Полонез, «этот исторический танец королей и рыцарей», тоже много раз привлекал к себе Шопена. Он писал полонезы в молодости, еще живя в Варшаве, и писал их незадолго перед смертью (Полонез A-dur, op. 61 – одно из последних произведений Шопена). Особенно замечателен его второй полонез, ор. 26, напечатанный в 1836 году. В нем слышится сдержанный ропот народного недовольства, постепенно усиливающийся и доходящий наконец до взрыва, слышатся мерные звуки марша, призывающие к борьбе и победе. Начинается ожесточенная, отчаянная борьба за свободу и национальную независимость. И вдруг все сразу обрывается и замирает… В этом полонезе сошлась вся вековая, историческая скорбь Польши, кратковременный подъем ее национального духа и последовавшая затем трагическая развязка. Совершенно в другом роде написан полонез ор. 40 (A-dur) – самый известный из всех полонезов Шопена. В нем как бы запечатлен отзвук прежнего величия Польши.
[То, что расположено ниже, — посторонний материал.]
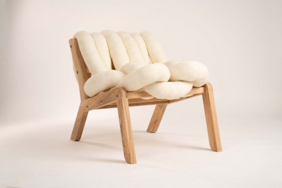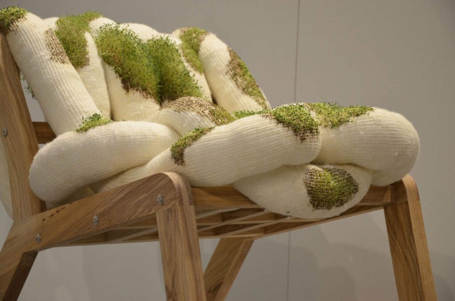 Scaunul Chia arată destul de obișnuit, doar că pe el nu se așază oamenii, ci… plantele. În timp, se transformă într-o piesă verde la propriu care să se integreze categoriei de mobilier viu. Cum arată? Structura este realizată din lemn și are un design ce inspiră ideea de fotoliu sau de mic șezlong. În loc de perne pentru șezut și spătar, i s-a atașat o tapițerie tip tub, ca un soi de șosetă din lână, umplută din plin cu poliester. Iar pe suprafața acestui tub au fost plantate semințe de chia.

Один из учеников Шопена рассказывает, что ночью, в то время когда Шопен сочинял этот полонез, ему вдруг почудилось, что двери его комнаты открываются и перед ним проходит длинное шествие польских рыцарей и красавиц-полек в старинных национальных костюмах. Это видение преисполнило Шопена таким ужасом, что он выбежал из своей комнаты как помешанный и потом всю ночь не мог решиться вернуться в нее.
Другое национальное произведение Шопена – Польская фантазия – (ор. 61) является одним из самых замечательных его произведений. Лист говорит, что по красоте и величию эта Польская фантазия превосходит все остальные, написанное маэстро; но в ней столько болезненного, патологического, что Лист считает даже возможным исключить ее из сферы искусства: это не музыка, а одно непрерывное рыдание. Какое-то бесконечное, беспросветное отчаяние пронизывает всю эту фантазию. Некоторые этюды Шопена также проникнуты национальной скорбью. Таков уже упомянутый этюд № 12, ор. 10 (C-dur), написанный под влиянием известия об исходе Польского восстания, и этюд № 3 из той же серии. Последний этюд был одним из любимых произведений самого Шопена. Гутман рассказывает, что когда он однажды сыграл его своему учителю, тот сжал свои руки и с тоской воскликнул: «О моя родина! моя родина!»
Но, будучи национальным музыкантом и изливая в музыке страдания своей родины, Шопен в то же время запечатлевал в ней свою личную жизнь, со всеми ее стремлениями, скорбями, тревогами и так далее. Ни у одного артиста музыка так тесно не соприкасалась с поэзией, как у него: слушая его прелюдии, вальсы или ноктюрны, кажется, будто слышишь какое-нибудь чудное лирическое стихотворение; эти звуки яснее всяких слов говорят о вечном стремлении «dahin, dahin» [14], о той непонятной поэзии, которая заключена в слезах и страдании, о мучительных снах и видениях, овладевавших временами больной душой Шопена. Особенно фантастический характер имеют некоторые его прелюдии, написанные в старом монастыре на острове Майорка, когда ему казалось, что вокруг него встают из могил тени монахов и что воздух оглашается их страшным, замогильным пением. Иные прелюдии имеют совсем другой, более спокойный, мелодичный характер и написаны, очевидно, под примиряющей сенью южной природы, яркого солнечного неба и спокойного моря. По своему общему тону к прелюдиям более всего приближаются ноктюрны и баркарола ор. 60, которую известный пианист Тауэт определил как любовную сцену в гондоле. Ему в этой баркароле слышались и объятия, и поцелуи, и нежный шепот влюбленной пары.
Из крупных произведений Шопена следует упомянуть его две сонаты, сонату для фортепиано и виолончели, посвященную его другу виолончелисту Франшомму, скерцо и баллады. Его знаменитую сонату B-moll с траурным маршем Шуман сравнивал с сфинксом, потому что она оставляет в душе впечатление какой-то мрачной, неразгаданной тайны. Баллады Шопена были навеяны ему поэмами Мицкевича и, по словам Шумана, какой-нибудь поэт легко мог бы подобрать к ним стихи. Это именно музыкальные сказки, которые невольно наводят на мысль о старых, поросших мхом замках, о красавицах, томящихся в этих замках, о рыцарях и их оруженосцах.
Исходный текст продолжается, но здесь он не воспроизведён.